Без труда разобравшись, чем вызвана гримаса на прелестном личике, Фролло быстро поднялся с постели и зачерпнул широкой кружкой из заранее припасенной бадьи с чистой водой: неподалеку протекал ручей, впадавший в Сену. Молча протянул плясунье. В пристальном взгляде не промелькнуло даже намека на благодарность, однако чашку она взяла и жадно припала к глиняному краю.

В эту секунду уснувшая на время страсть пробудилась в священнике и восстала во всей своей мощи. Он видел изящные смуглые ручки, обхватившие чашу; округлые плечики, скрытые лишь тонкой тканью белого платья послушницы Отель-Дье; длинную шейку и выглядывающую из-под ворота ключицу; вздымавшуюся при каждом вдохе грудь…

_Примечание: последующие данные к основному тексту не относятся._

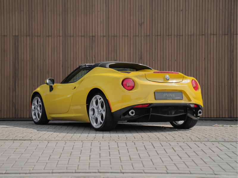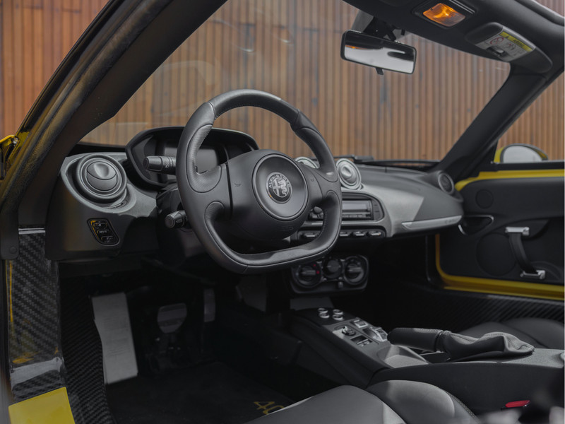 Deze schitterende Alfa Romeo 4C Spider is om meerdere redenen een hele slimme investering: met zijn beeldschone lijnenspel, no-nonsense techniek en pure rijkarakteristieken behoort de Alfa 4C tot een uitstervend ras. Een klassieker in wording! Echter, met dit specifieke exemplaar is er iets extra bijzonders aan de hand: in 2017 is hij nieuw geleverd aan de 1e en enige eigenaar – tot nu toe. Deze liefhebber bedacht niet alleen een unieke specificatie voor zijn Spider, hij behandelde zijn auto er ook naar: in de afgelopen 8 jaar reed hij er trouw enkel in ideale omstandigheden mee. Omgerekend komt dat neer op z’n 750 kilometers per jaar. Dit kan overkomen alsof hij zichzelf daarmee zwaar tekort heeft gedaan, maar het tegendeel is waar: belangrijk om te weten is dat van elke kilometer intenser dan intens is genoten! Wat wil je ook met 240 pk aan 1750 TBi-power op de achterwielen op een leeggewicht van 974 kg? Zijn acceleratietijd van 0 naar 100 km/h in 4,5 seconden is indrukwekkend, zijn stuurgedrag en wegligging zijn zowaar nog indrukwekkender. Met slechts 6.025 kilometers is dit Giallo Prototipo meesterwerk op wielen perfect bewaard gebleven. De carbon koplampen, raamlijsten en monocoque (!) leggen ondertussen de vederlichte ziel van de 4C Spider bloot. Verder is de knalgele carrosserie niet van nieuw te onderscheiden, en ook het Nero lederen binnenwerk lijkt amper te zijn aangeroerd. Giallo contraststiksels en dito logo’s corresponderen prachtig met het exterieur. We zeggen het niet gauw, maar wie zichzelf kan bedwingen en deze Alfa de komende jaren als museumstuk gaat behandelen, heeft goud in handen. Echter, zie zo’n rijdersauto pur sang maar eens weg te zetten…

Стоило цыганке, утолив жажду, оторваться от кружки, она моментально почувствовала свершившуюся за эти несколько мгновений перемену в своем тюремщике. Несчастная вздрогнула, когда сильные пальцы как бы невзначай коснулись ее ладони, принимая опустошенный сосуд. Она хорошо знала тот взгляд, которым он впился на миг в ее лицо: то был взгляд голодного зверя, хищника, загнавшего жертву. Неприкрытое вожделение сквозило в его взоре, и к нему не примешивались уже ни внутренняя борьба, ни смиренные мольбы – только желание победителя обладать своей наградой. В страхе Эсмеральда закрыла лицо руками.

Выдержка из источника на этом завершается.